I instructed the shop to take 1" off the spring and please try to flatten the end to ensure the best fit. The shop claims that is what they did but they did not have to flatten the end and it fit perfectly in their opinion. The distance from the ground to the top of the wheel well went from 39" to 33 5/8" so I was essentially back to where I started before changing the spring. I drove the with this spring for about a year and each time I hit a large bump it sounded like the front end was falling out, so obviously not acceptable.

I started looking for a new spring and called Super Springs but they advised that they did not make a spring that would work in my Roadtrek. They suggested that I call General Spring who carried the Dayton heavy duty spring 350-1216HD. There are multiple dealers for the Dayton spring but General Spring had the best price.

Before ordering the new springs I had the Roadtrek weighed with full water tanks and full fuel. The front axle came in at 3920 lbs and the rear axle 5,280 lbs for a total of 9200 lbs.

I ordered the springs and had them installed about 60 days ago and the front is now 36". It measured 36 1/2" immediately after installation but has settled to 36". I have only put about 100 miles on since getting the vehicle back but so far it performs like I expected. We are going to Alaska this summer so that will be the true test.

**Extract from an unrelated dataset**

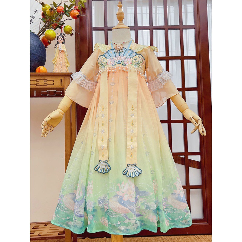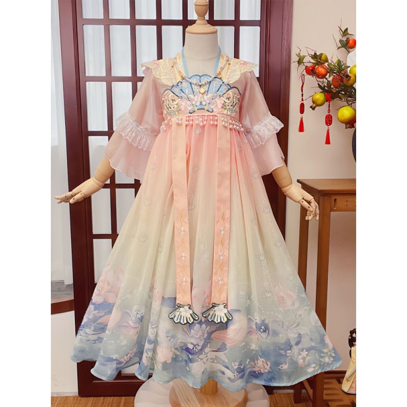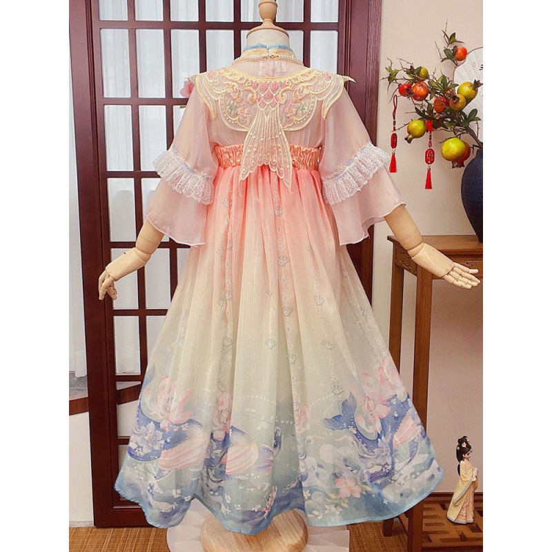 | nameOriginal | Hanfu girls' summer 2024 new ancient style dress little girl Tang suit children's super fairy ancient dress summer dress |
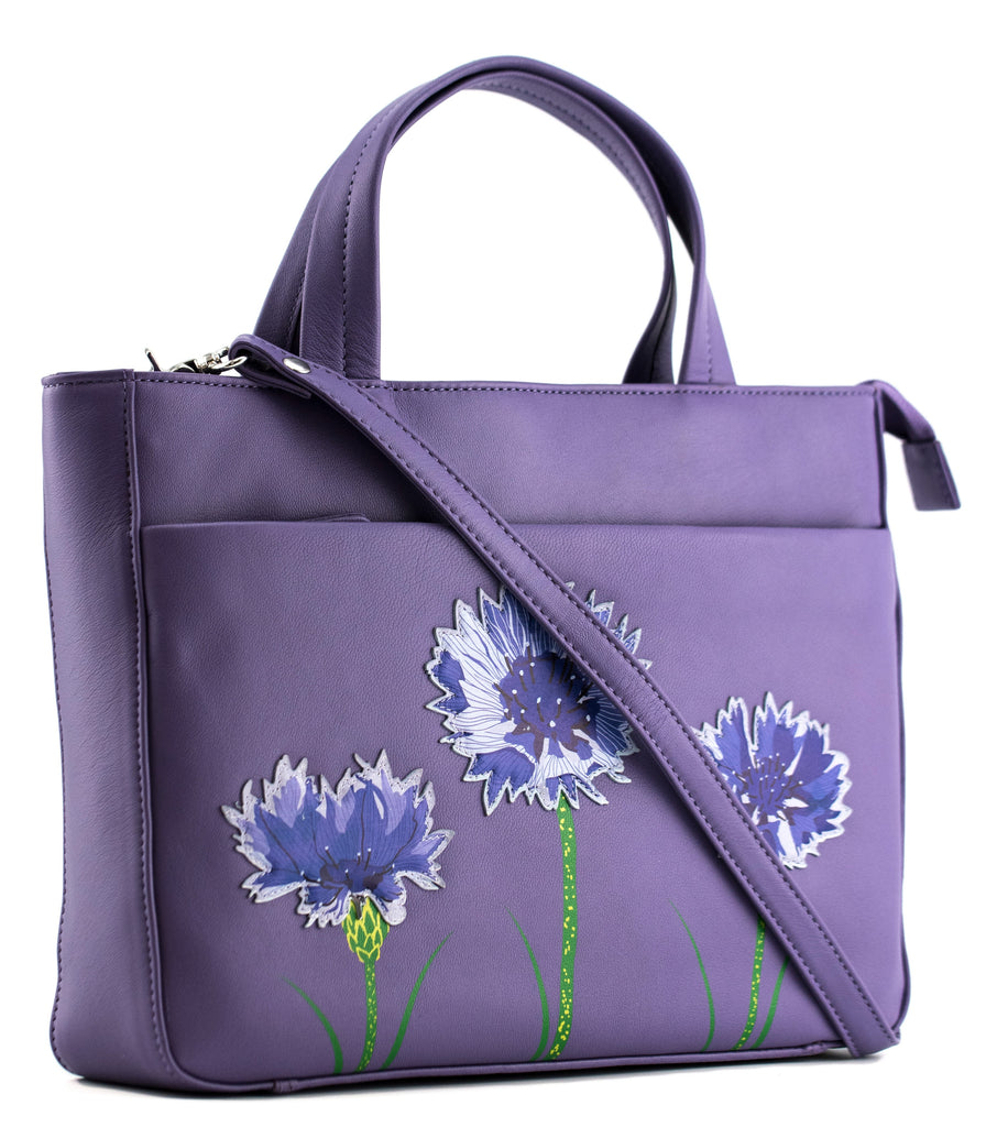 Perfect for work or leisure, this attractive cornflower grab bag comes with a detachable shoulder strap and is surprisingly lightweight .

The Moog spring originally measured 18 1/8" before the shop cut it down and the height of the returned Moog was 15 1/2" so hard to believe the spring would compress that much in a year. This was a shop that specializes in front ends and RVs so I don't know what I could have done different but I expected a different resuklt with the Moog spring.

All in all, it turned out to be an expensive lesson on coil spring replacement. I haven't gone back to calculate the exact number but I know it was slightly over $2,000 total.